Return the lines of the listing below exactly as they appear, beginning at the one with "Alcohol is the" and stopping after the one with "Στους στρουθοκάμηλους, ο"; do not include pictures.

##### Entries shown

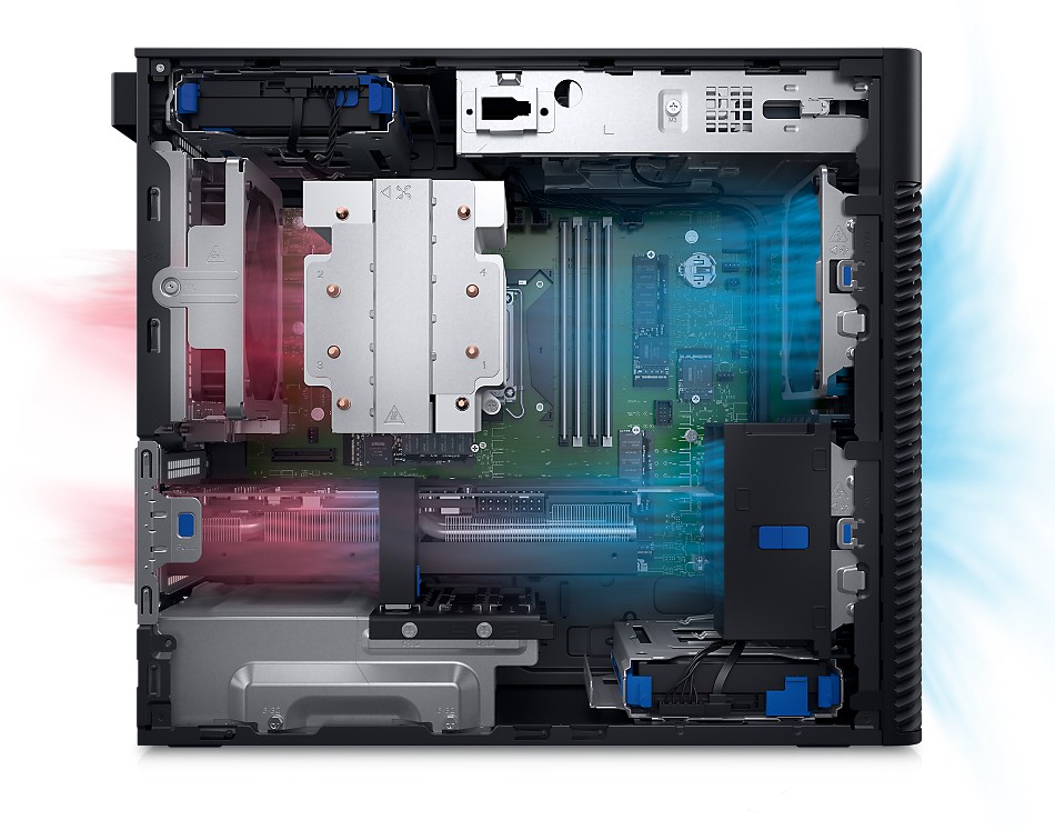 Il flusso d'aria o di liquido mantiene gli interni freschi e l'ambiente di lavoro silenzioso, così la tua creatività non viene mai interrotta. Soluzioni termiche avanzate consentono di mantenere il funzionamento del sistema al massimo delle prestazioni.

##########
##### Entries shown

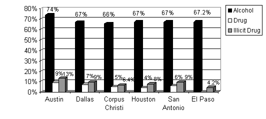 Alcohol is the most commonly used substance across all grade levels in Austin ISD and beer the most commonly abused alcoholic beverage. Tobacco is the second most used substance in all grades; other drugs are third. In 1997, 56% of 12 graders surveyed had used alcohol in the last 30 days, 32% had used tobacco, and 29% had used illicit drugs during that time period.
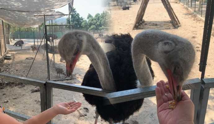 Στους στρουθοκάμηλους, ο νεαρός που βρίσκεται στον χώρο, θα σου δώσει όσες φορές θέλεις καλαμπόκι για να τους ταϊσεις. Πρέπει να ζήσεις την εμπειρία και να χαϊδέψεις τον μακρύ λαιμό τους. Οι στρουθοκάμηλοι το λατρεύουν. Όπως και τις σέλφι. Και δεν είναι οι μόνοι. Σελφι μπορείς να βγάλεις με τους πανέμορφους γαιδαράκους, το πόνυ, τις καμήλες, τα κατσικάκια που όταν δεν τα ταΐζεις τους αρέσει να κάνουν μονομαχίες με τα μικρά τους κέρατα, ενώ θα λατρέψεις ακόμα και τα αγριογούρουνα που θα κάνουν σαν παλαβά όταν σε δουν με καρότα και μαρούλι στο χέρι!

##########
##### Entries shown

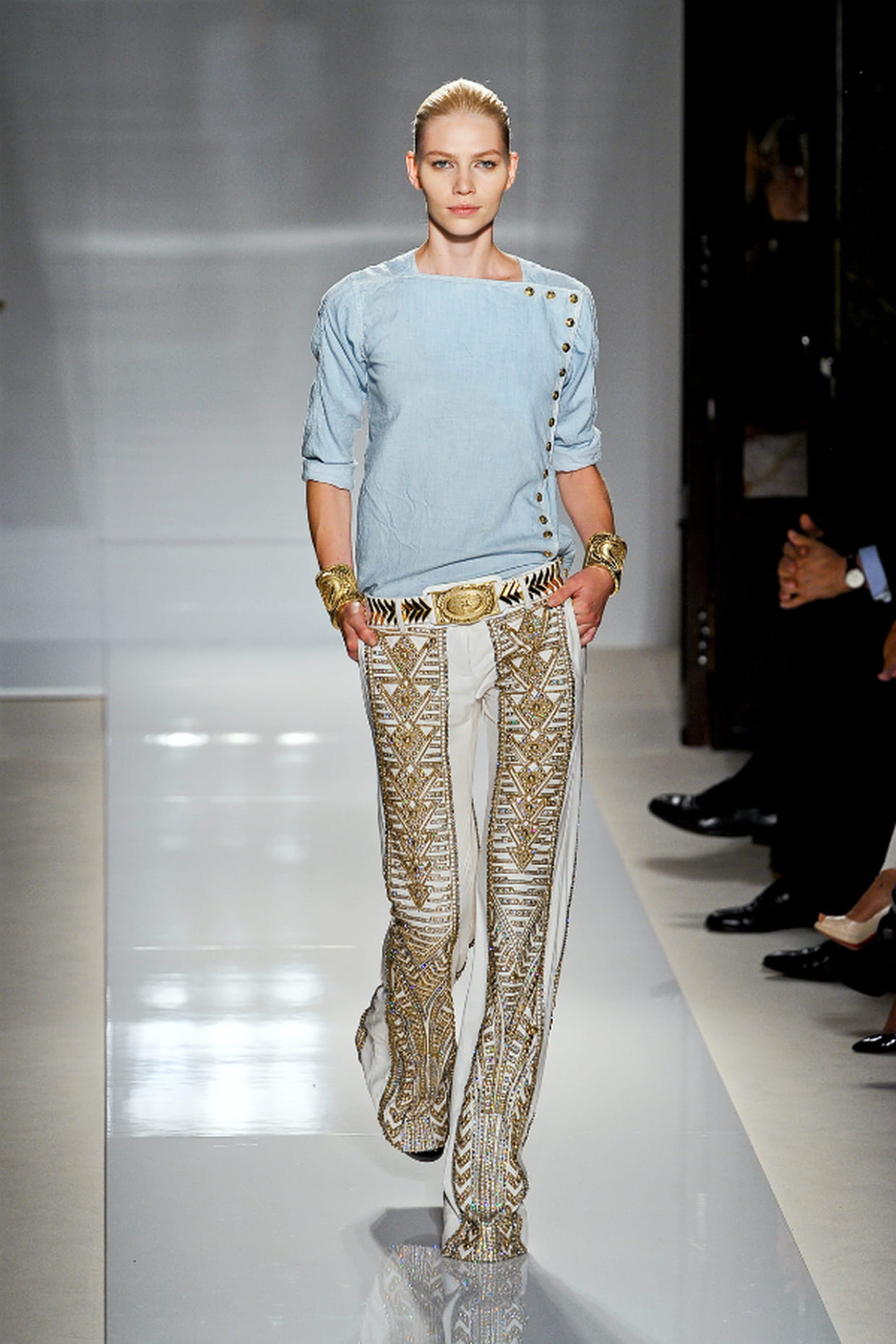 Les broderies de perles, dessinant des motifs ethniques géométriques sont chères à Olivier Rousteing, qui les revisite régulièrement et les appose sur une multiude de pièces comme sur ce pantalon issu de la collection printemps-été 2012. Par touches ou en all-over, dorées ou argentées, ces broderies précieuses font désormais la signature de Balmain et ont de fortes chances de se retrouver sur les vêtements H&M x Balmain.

##########

Exercise result:
 Alcohol is the most commonly used substance across all grade levels in Austin ISD and beer the most commonly abused alcoholic beverage. Tobacco is the second most used substance in all grades; other drugs are third. In 1997, 56% of 12 graders surveyed had used alcohol in the last 30 days, 32% had used tobacco, and 29% had used illicit drugs during that time period.
 Στους στρουθοκάμηλους, ο νεαρός που βρίσκεται στον χώρο, θα σου δώσει όσες φορές θέλεις καλαμπόκι για να τους ταϊσεις. Πρέπει να ζήσεις την εμπειρία και να χαϊδέψεις τον μακρύ λαιμό τους. Οι στρουθοκάμηλοι το λατρεύουν. Όπως και τις σέλφι. Και δεν είναι οι μόνοι. Σελφι μπορείς να βγάλεις με τους πανέμορφους γαιδαράκους, το πόνυ, τις καμήλες, τα κατσικάκια που όταν δεν τα ταΐζεις τους αρέσει να κάνουν μονομαχίες με τα μικρά τους κέρατα, ενώ θα λατρέψεις ακόμα και τα αγριογούρουνα που θα κάνουν σαν παλαβά όταν σε δουν με καρότα και μαρούλι στο χέρι!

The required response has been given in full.